═══ Information provided ═══

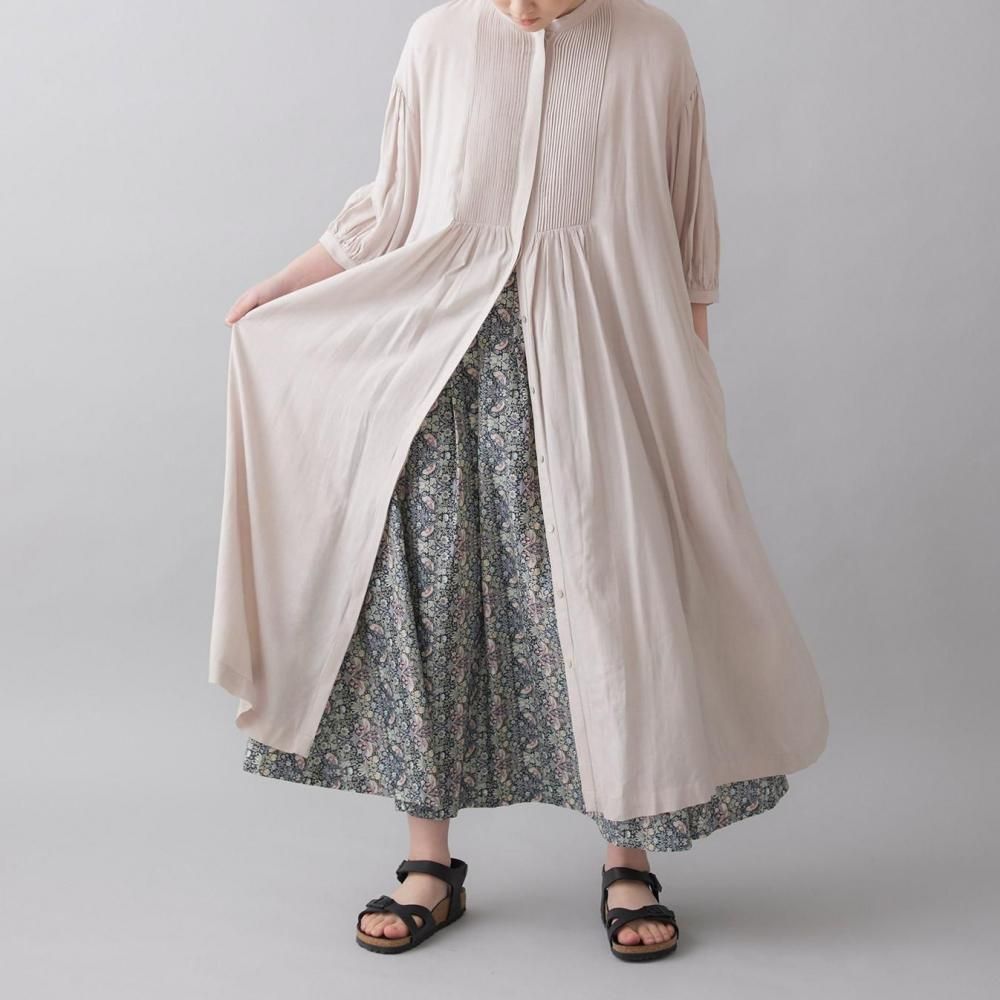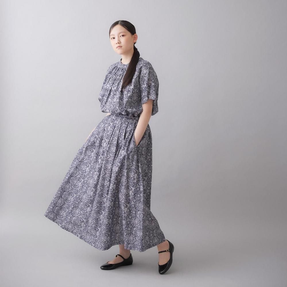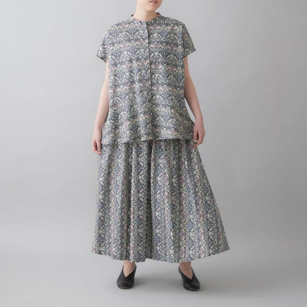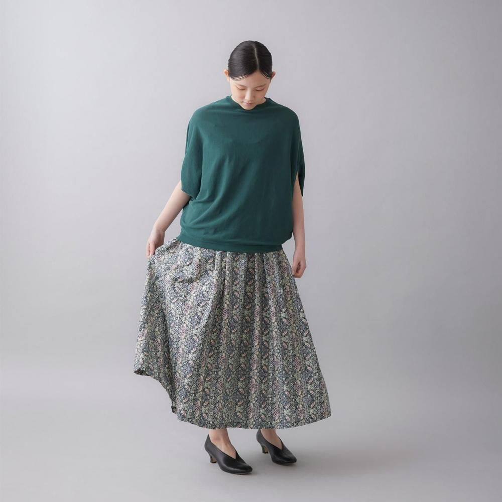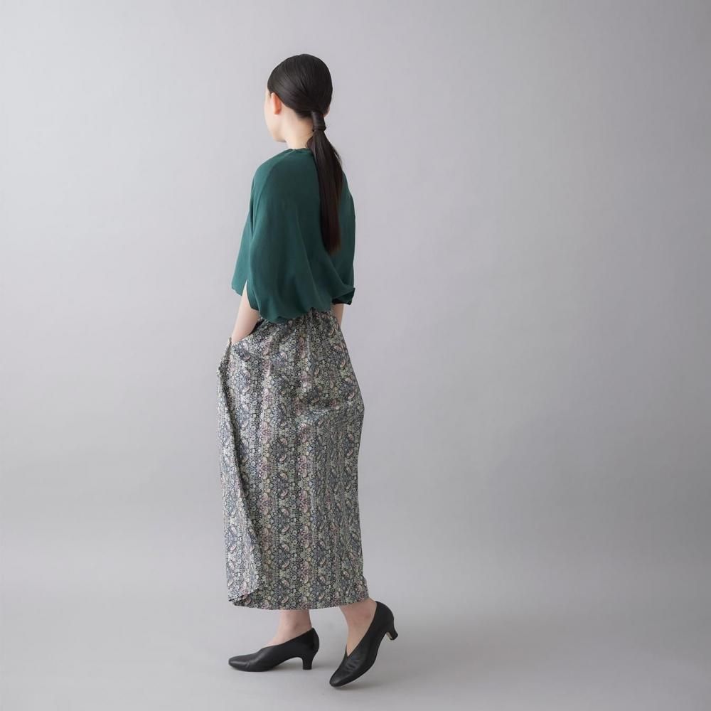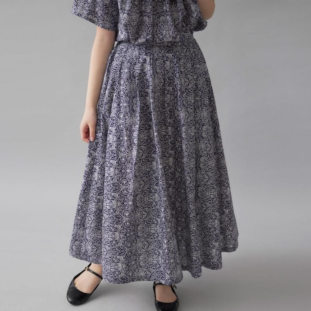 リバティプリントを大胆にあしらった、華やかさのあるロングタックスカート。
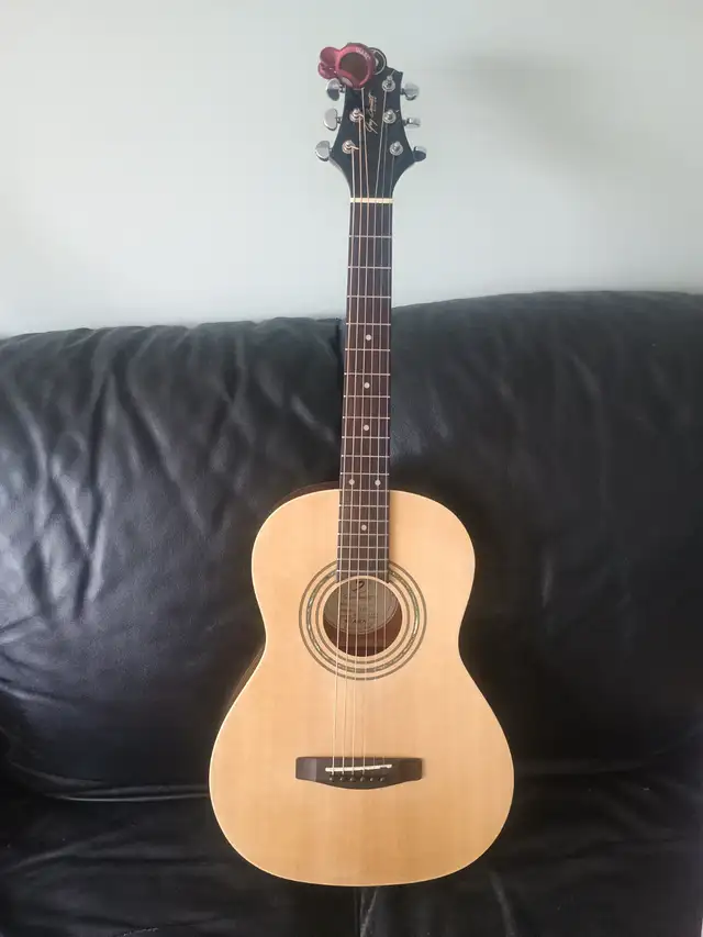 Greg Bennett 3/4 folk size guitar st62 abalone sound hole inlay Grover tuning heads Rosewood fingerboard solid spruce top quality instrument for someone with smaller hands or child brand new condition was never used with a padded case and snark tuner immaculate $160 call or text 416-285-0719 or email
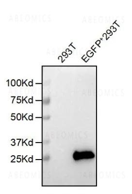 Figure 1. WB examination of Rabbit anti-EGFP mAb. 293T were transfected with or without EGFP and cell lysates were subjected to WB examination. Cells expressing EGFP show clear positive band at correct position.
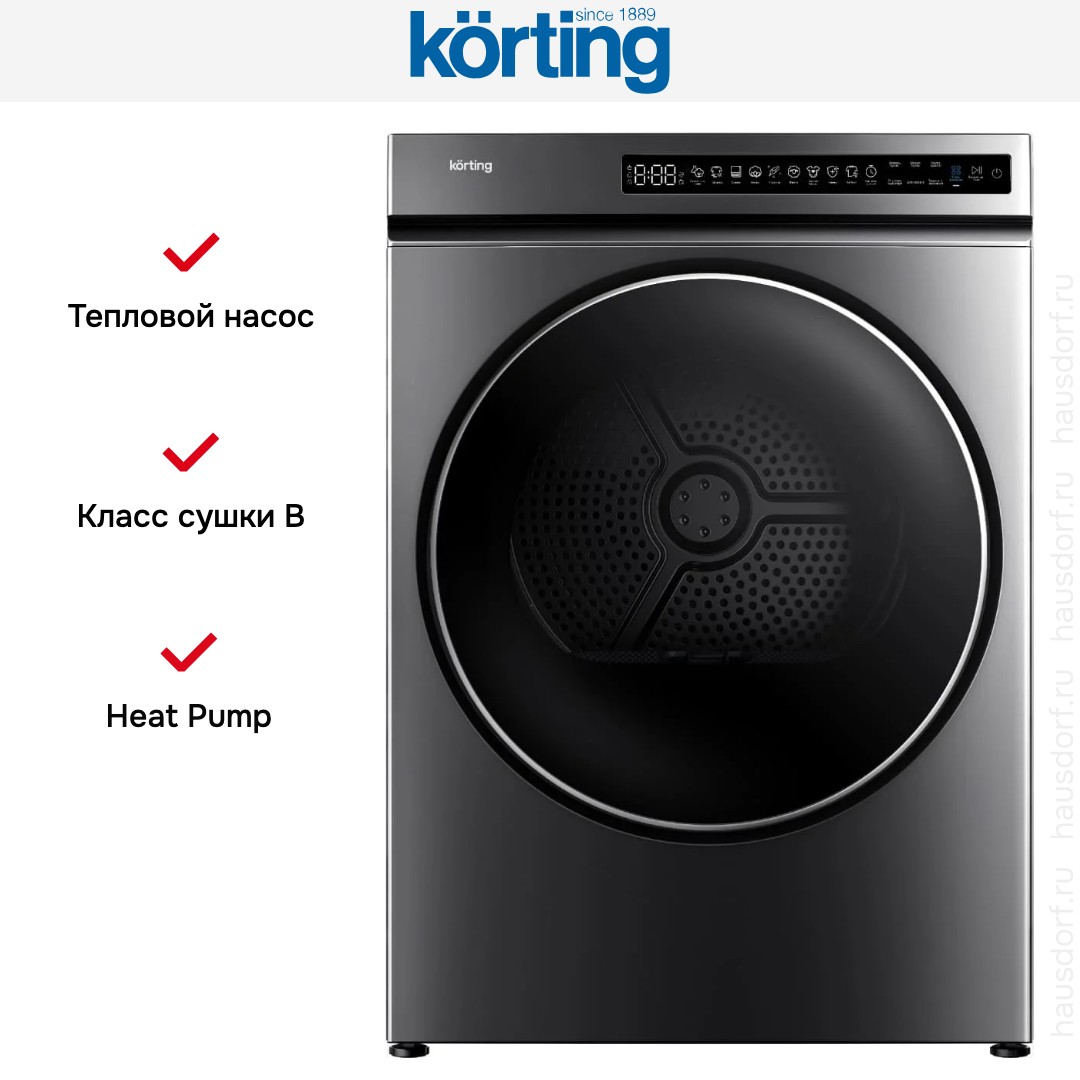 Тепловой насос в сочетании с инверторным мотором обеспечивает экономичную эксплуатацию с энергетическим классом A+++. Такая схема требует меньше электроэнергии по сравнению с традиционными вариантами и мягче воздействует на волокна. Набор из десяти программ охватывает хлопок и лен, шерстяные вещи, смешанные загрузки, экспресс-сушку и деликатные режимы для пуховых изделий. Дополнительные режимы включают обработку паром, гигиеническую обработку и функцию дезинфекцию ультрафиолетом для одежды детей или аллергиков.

═══

> _What you need to do_
Print the material word for word; images are to be left out.

> _Solution to this exercise_
 リバティプリントを大胆にあしらった、華やかさのあるロングタックスカート。
 Greg Bennett 3/4 folk size guitar st62 abalone sound hole inlay Grover tuning heads Rosewood fingerboard solid spruce top quality instrument for someone with smaller hands or child brand new condition was never used with a padded case and snark tuner immaculate $160 call or text 416-285-0719 or email
 Figure 1. WB examination of Rabbit anti-EGFP mAb. 293T were transfected with or without EGFP and cell lysates were subjected to WB examination. Cells expressing EGFP show clear positive band at correct position.
 Тепловой насос в сочетании с инверторным мотором обеспечивает экономичную эксплуатацию с энергетическим классом A+++. Такая схема требует меньше электроэнергии по сравнению с традиционными вариантами и мягче воздействует на волокна. Набор из десяти программ охватывает хлопок и лен, шерстяные вещи, смешанные загрузки, экспресс-сушку и деликатные режимы для пуховых изделий. Дополнительные режимы включают обработку паром, гигиеническую обработку и функцию дезинфекцию ультрафиолетом для одежды детей или аллергиков.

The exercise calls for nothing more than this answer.